Entendemos que há uma especificidade
na psicanálise no que tange à questão do saber e da verdade. O saber para a
psicanálise está do lado do sujeito do inconsciente, sendo que o acesso a ele
vai depender de um trabalho analítico que segundo Elia, (2010), se realiza
através de um determinado método - a psicanálise – e requer uma função operante
- a do psicanalista. A experiência psicanalítica seria, portanto a via pela
qual esse saber que na verdade é não sabido, ou seja, inconsciente pode ser
acessado pelo sujeito. A experiência psicanalítica traz de volta o sujeito
foracluído pela ciência à medida que o convoca a dizer tudo o que lhe vier a
mente. É a fala do sujeito que lhe indicará o caminho de acesso ao saber inconsciente,
pois é no campo da linguagem e, portanto simbólico que o sujeito do
inconsciente se constitui.
Em A ciência e a verdade Lacan, (1966), coloca em questão as relações
do sujeito do inconsciente com a verdade, indicando que este tem a verdade como
causa e não como conseqüência do acesso ao saber pelo uso da razão. A verdade
como causa é o que resta do saber, sendo, portanto indecifrável. A verdade não é mais do que aquilo do qual o
saber nada pode apreender, ou seja, a verdade não pode ser delimitada ou mesmo
circunscrita em um determinado campo do saber.

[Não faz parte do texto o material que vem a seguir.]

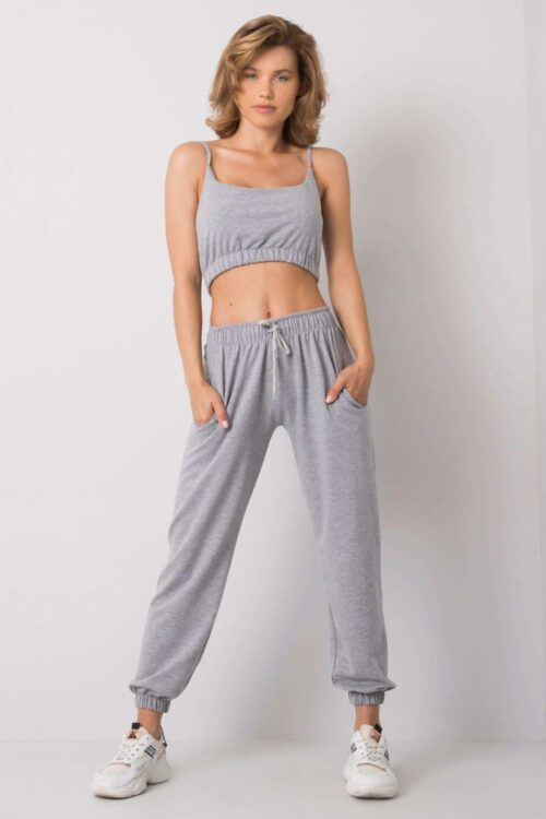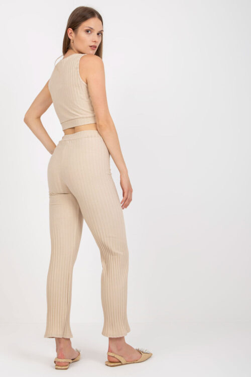A set consisting of a top and long pants. Short top with round neckline. Long pants with high waist and straight legs, with an elastic band at the waist. The whole is made of a wide ribbed fabric. Cotton 95…
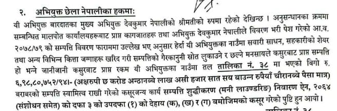 बागलुङको जिल्ला सरकारी वकिलको कार्यालयले नेपाली विरुद्ध रु.एक अर्ब ५८ करोड विगो मागदावी सहित मुद्दा दायर गरेको हो । उनीमाथि बागलुङको इमेज सहकारी संस्थाको रकम हिनामिना गरी गैरकानूनी सम्पत्ति कमाएको आरोप छ । यस्तै उहाँकी श्रमती छेला नेपाली बिरुद्ध रु. ६ करोड ९८ लाख विगो मागदावी मुद्दा दर्ता गरिएको हो ।
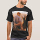 My 11 yo wore adult XL (5’7” 165#). The 8yo is small framed. She wore adult small and tied it in the back. Grandma wore adult large with long sleeve shirt underneath. Tall girl adult medium. Dark haired male adult large. Good quality dark Heather gray, Gildan brand shirt. -it was next up from basic choice and cost about $20 per shirt. Not too thick or thin. Washed and dried well, no major shrinkage. Not see-through. Can wear a bra under it fine. Screen print is just as shown and well done, front and back.
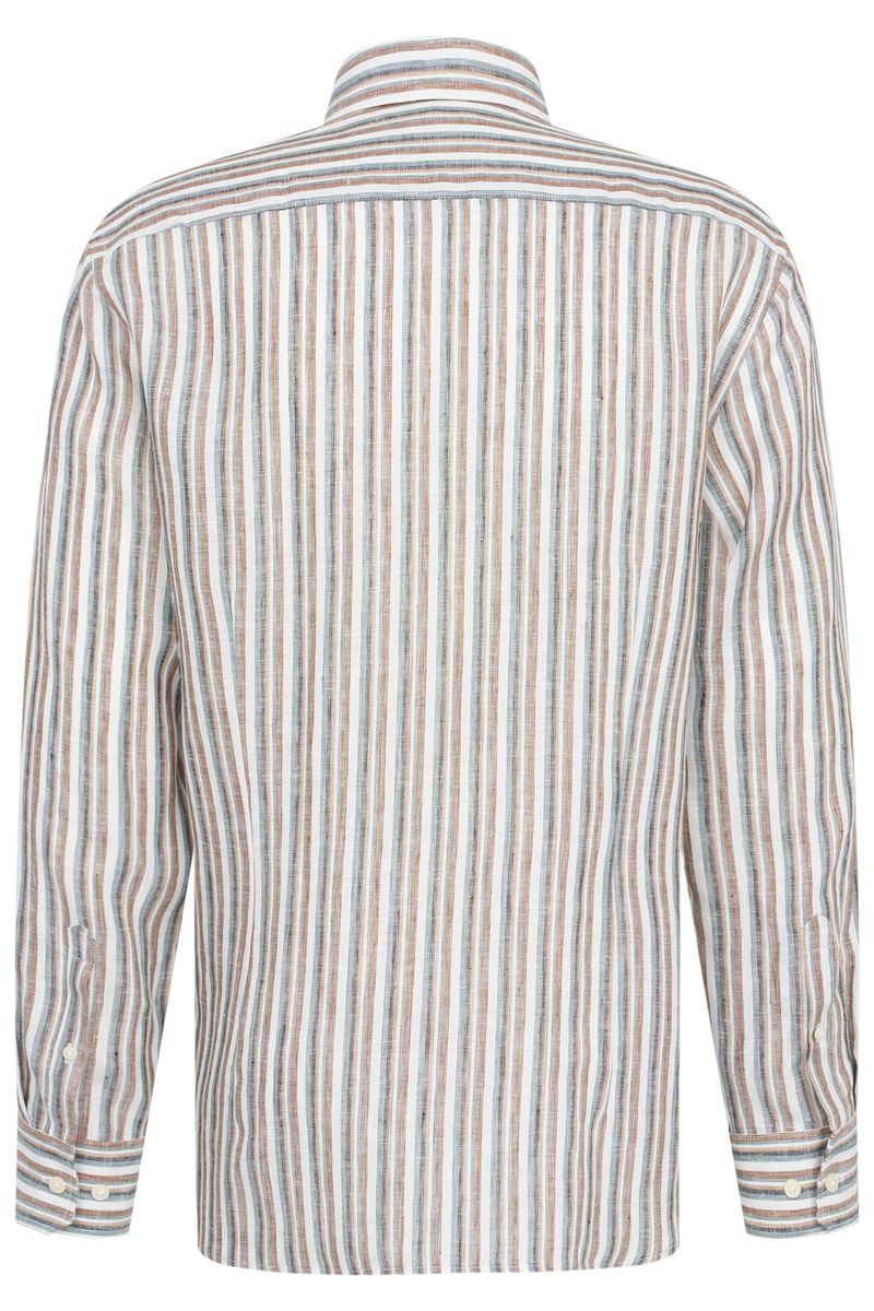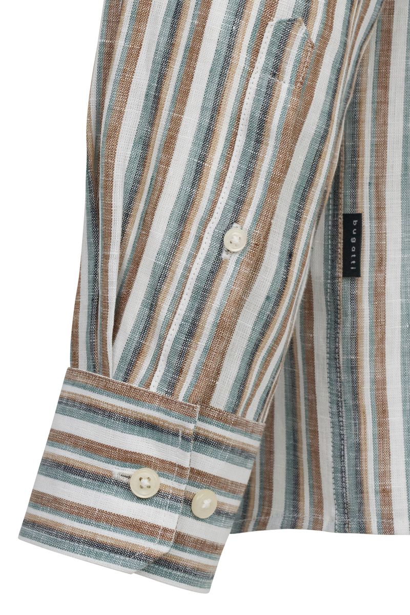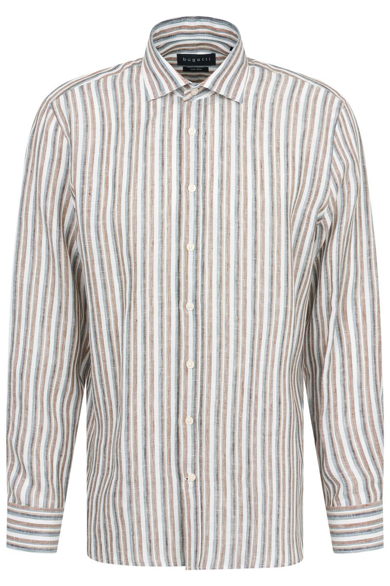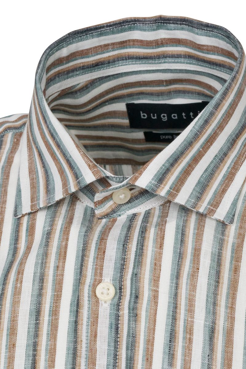 gestreiftes Hemd aus 100% Leinen mit Kentkragen, bugatti Fahne in der Seitennaht
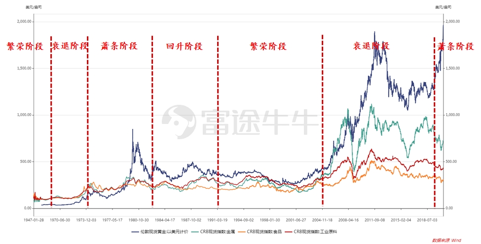 本轮长波周期衰退转向萧条阶段,与1970年开启的10黄金牛市处在同一个周期维度;衰退期资产收益率下跌,浪潮退去,随之而来的是全球实体信用和货币信用恶化,叠加疫情下美国无限量量化宽松政策以及全球负利率蔓延,历史仿佛以一个似曾相识的情景再次上演。黄金资产的相对收益优势得以体现,黄金走势也很可能复制1970年代的超级牛市。
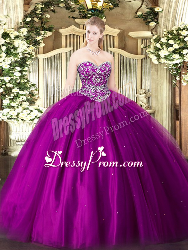 Neckline : SweetheartShown Color : FuchsiaSilhouette : Ball GownsSleeve Length : sleevelessHemline : floor lengthBack Detail : Lace upFabric : TulleEmbellishment : BeadingOccasion : Military Ball,Sweet 16,QuinceaneraSeason : Spring,Summer,Fall,Winter
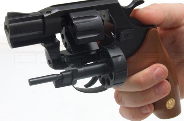 Vyras neberado mažos galios (iki 7,5 džiaulių) revolverio "Alfa 620", su būgne buvusiais devyniais šoviniais.
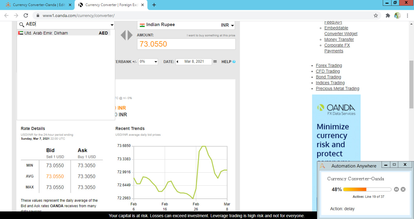 You have to provide an input Excel sheet that contains different country currency details. The bot will fetch the currency details and enter into the Oanda website and get updated currency amount details and store them in an input Excel sheet with the updated date. The bot will get all rates as per the given data.
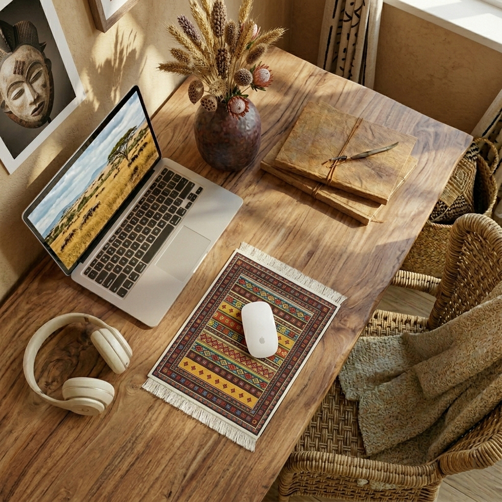 Такий килимок поєднує практичність і стиль, роблячи робоче місце затишним і нестандартним.
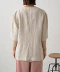 ・ハーフスリーブにノーカラーデザインですっきりとした雰囲気。
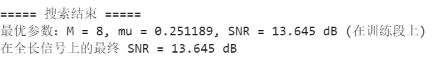 网格搜索表明 M=8、μ≈0.251 可获得最高 SNR(约 13.65 dB),验证了自动调参策略的有效性。
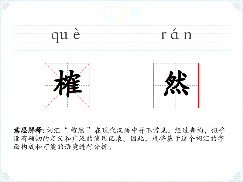 词汇“[榷然]”在现代汉语中并不常见,经过查询,似乎没有确切的定义和广泛的使用记录。因此,我将基于这个词汇的字面构成和可能的语境进行分析。
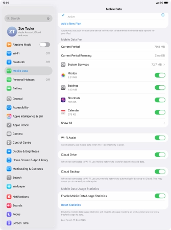 Turn Wi-Fi Assist on your Apple iPad Air 13 (M3) (2025) iPadOS 26 on or off
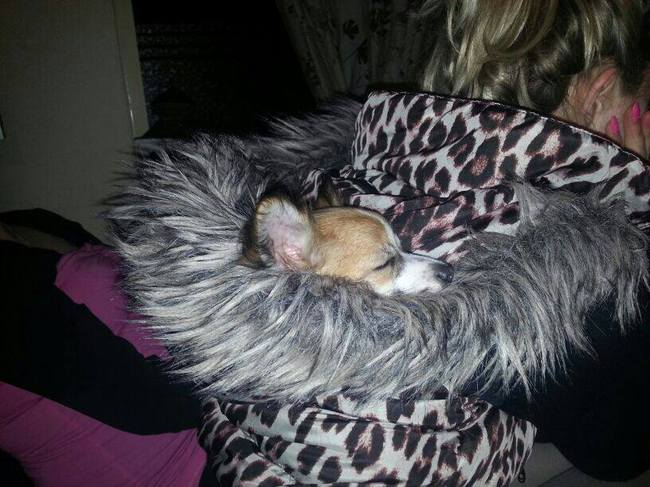 Honden foto's > Mandy (L) baasje van Gucci&Amy > Amy lekker aan het slapen bij vrouwtje
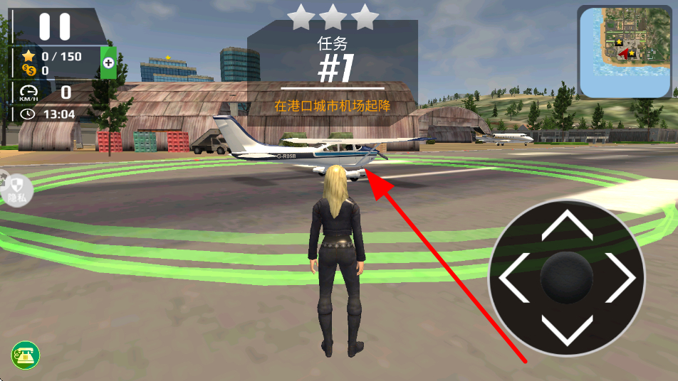 2、在场景中,用手机滑动操控角色移动,靠近指定的飞机,准备进入飞机进行驾驶操作,感受模拟飞行的前期准备过程。
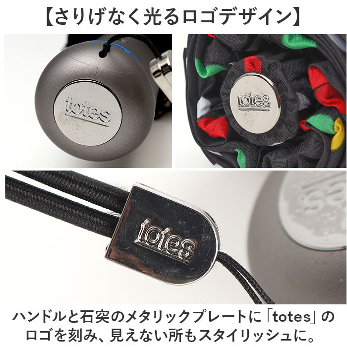 ・ハンドルと石突のメタリックプレートに「totes」のロゴを刻み、見えない所もスタイリッシュに。
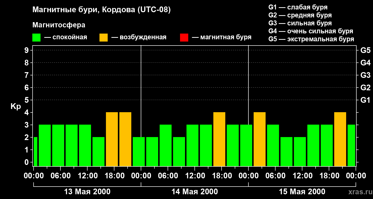 Изменения геомагнитного индекса Kp с 13 по 15 мая 2000 года для средних широт
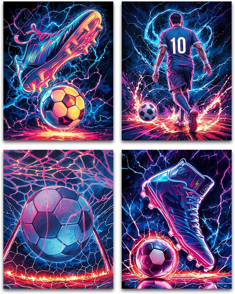 مطبوعات قماشية رائعة لكرة القدم من زهاكسفا بوسترات كرة قدم تجريدية جدارية لغرفة النوم للاولاد النيون مجموعة 4 لرياضة للرجال بدون اطار 8×10 انش .
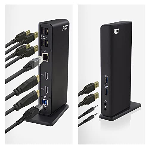 ACT Docking Station USB A e USB-C 11 in 1, 2 porte HDMI, 2 porte USB 3.0, 4 porte USB 2.0, Gigabit Ethernet, microfono e cuffie audio Jack da 3,5 mm - AC7049
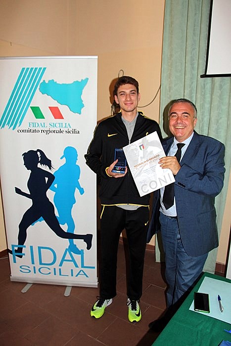Ad inizio lavori, dopo gli interventi di rito, spazio anche ai riconoscimenti. Il vice presidente della Fidal Parrinello ha consegnato la medaglia di bronzo al valore atletico a Filippo Randazzo (Fiamme Gialle). L’atleta di San Cono, allenato da Carmelo Giarrizzo, stabilmente nel giro della nazionale ha quest’anno saltato la misura di 8.01 agli assoluti indoor di Ancona e adesso sta rientrando dopo un fastidioso infortunio che lo ha momentaneamente tenuto lontano dalle pedane.
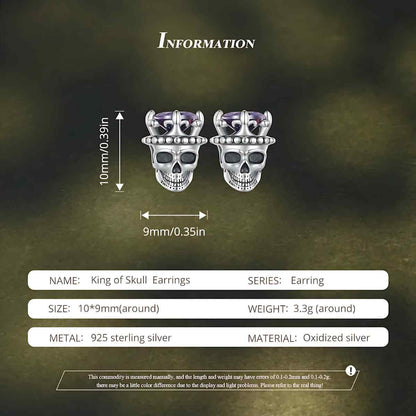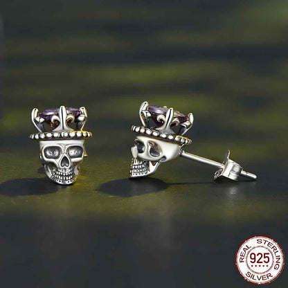 Pendientes de calavera rey de plata son un accesorio atrevido y majestuoso, hechos de plata de ley 925 con una gema de circonita cúbica morada para un estilo lujoso.
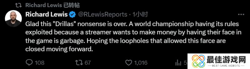 Richard Lewis:很高兴这场“Drillas”闹剧结束了。因为主播想通过在游戏中露脸来赚钱,进而利用世界大赛的规定,这一点真的太糟糕了。希望导致这场闹剧的漏洞能在未来被堵住。
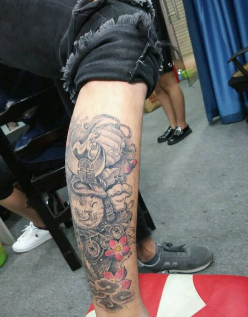 • T网红王老大花腿龙纹身图片_腿部新传统纹身图案

Não é também uma verdade da psicanálise, uma Weltanschauung (visão de mundo) tal como referiu Freud, mas uma
verdade referida ao sujeito na medida em que só ele pode semi-dizê-la, tal como
Lacan propõe no Seminário XVII O avesso
da psicanálise: “nenhuma evocação da
verdade pode ser feita se não for para indicar que ela só é acessível por um
semi-dizer, que ela não pode ser integralmente dita porque, para além de sua
metade, não há nada a dizer”. (Lacan, 1992 p.53). Com essa afirmação Lacan
aponta que há um ponto da verdade que a fala do sujeito não consegue alcançar,
sendo, portanto indecifrável. Esse indecifrável Freud chamou de “umbigo do
sonho”.
Lacan indica que há um fora do
discurso que não pode ser referido pelo sujeito, porque é recalcado, sendo que
isto aponta para a impossibilidade da relação sexual, ou seja, a
impossibilidade de se alcançar a satisfação plena do desejo. A verdade –
ausência de plenitude – é aquilo que causa o sujeito na medida em que este não
abre mão de obtê-la, constituindo-se dessa forma como sujeito desejante.
Para concluir, esses pressupostos
indicam que há uma antinomia entre o sujeito constituído pela ciência e o
sujeito da psicanálise. O sujeito da psicanálise constitui-se a partir de sua
inserção no mundo da fala e da linguagem, sendo que é este ponto que marca a
ruptura entre a psicanálise e a lógica cartesiana. A psicanálise faz o sujeito
emergir na experiência psicanalítica no momento em que o psicanalista coloca
analisando na posição de sujeito suposto
saber.
REFERENCIAS
ELIA,
L. O conceito de sujeito. Coleção
passo-a-passo. Rio de
Janeiro: Zahar.2010.
FREUD,
S. (1917). Luto e Melancolia. Edição Standard Brasileira das Obras Completas de Sigmund
Freud. Vol. XVII. Rio de Janeiro: Imago, 2006.
LACAN, J.
(1966) A ciência e a verdade in
Escritos. Rio de Janeiro: Jorge Zahar. 1998.
_________.
O Seminário livro 17 O avesso da
psicanálise. Rio de Janeiro: Jorge Zahar. 1992.
MILNER,
Jean-Claude. A obra clara: Lacan, a
ciência e a filosofia. Rio de Janeiro: Zahar.